WikiData Query (WDQ), one of my pet projects I have blogged about before, has gained a new functionality: search by qualifier. That is, a query for items with specific statements can now be fine-tuned by querying the qualifiers as well.

Too abstract? Let’s see: Who won the Royal Medal in 1853? Turns out it was Charles Darwin. Or how about this: Who received any award, medal, etc. in 1835? According to Wikidata, it’s just one other person besides Darwin; Patrice de Mac-Mahon was awarded a rank in the French Legion of Honour.

This might seem like a minor gimmick, but I think it’s huge. It is, to the best of my knowledge, the only way to query WikiData on qualifiers; and with qualifiers becoming more important (replacing groups of properties in lieu of simpler, “qualified” ones, for example in taxonomy) and more numerous, such queries will become more important to the “ecosystem” around Wikidata.

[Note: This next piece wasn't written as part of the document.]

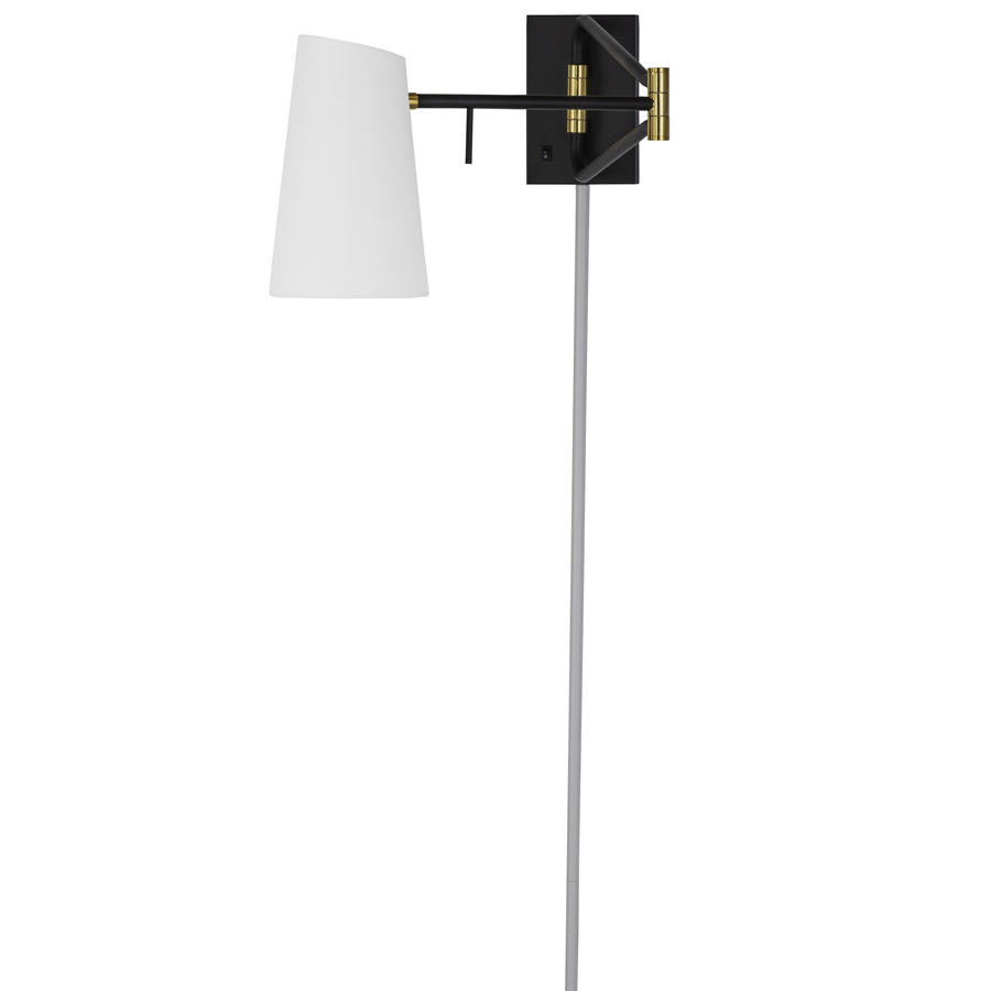 10"H Matte Black and Aged Gold Wall Lamp, medium base socket, on/off rocker switch at backplate, 7' Silver 45° cord, 4.5' Matte White cord cover, with swivel arms that extends 17" and 29", with 3.75"x5.5"x9" White Linen Hardback Shade, recommend 8 watt LED bulb
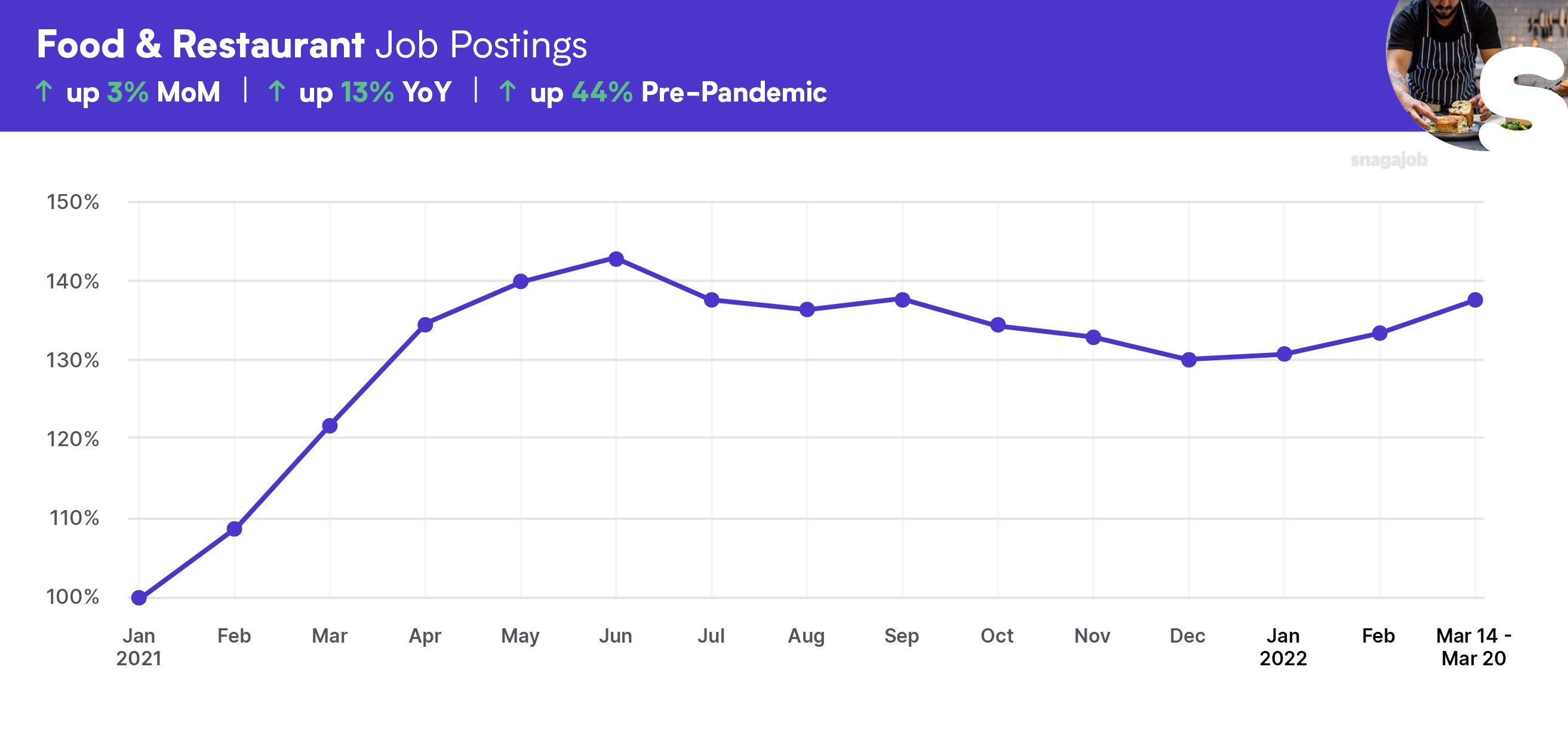 Food & Restaurant jobs are up 44% compared to pre-pandemic norms, seeing a 3% month-over-month gain, and a 13% year-over-year growth.

With the main point delivered, here are some points for those interested in using this system, or the development of WDQ:

  • Currently, you can only use qualifier queries in combination with the CLAIM command, though I’ll add it to string, time, location, and quantity commands next.
  • A subquery in {curly¬†brackets} directly after the CLAIM command is used on the qualifiers of the statements that match the “main” command
  • Within the qualifier subquery, you can use all other commands, ranges, trees etc.
  • Adding qualifiers to the in-memory database required some major retrofitting of WDQ. It started my using “proper” statement representations (C++ template classes, anyone?), followed by creating a qualifier data type (to re-use all the existing commands within the subquery, each qualifier set is basically its own Wikidata!), extending the dump parsing, binary storage and loading, and a zillion other small changes.
  • While I believe the code quality has improved significantly, some optimization remains to be done. For example, memory requirements have skyrocketed from <1GB to almost 4GB. The current machine has 16GB RAM, so that should hold for a while, but I believe I can do better.
  • There is an olde memory leak, which appears to have become worse by the increased RAM usage. WDQ will restart automatically if the process dies, but queries will be delayed for a minute or so every time that happens.
  • I have prepared the code to use ranks, but neither parsing nor querying are implemented yet.
  • I need to update the API documentation to reflect the qualifier queries. Also, I need to write a better query builder. In due time.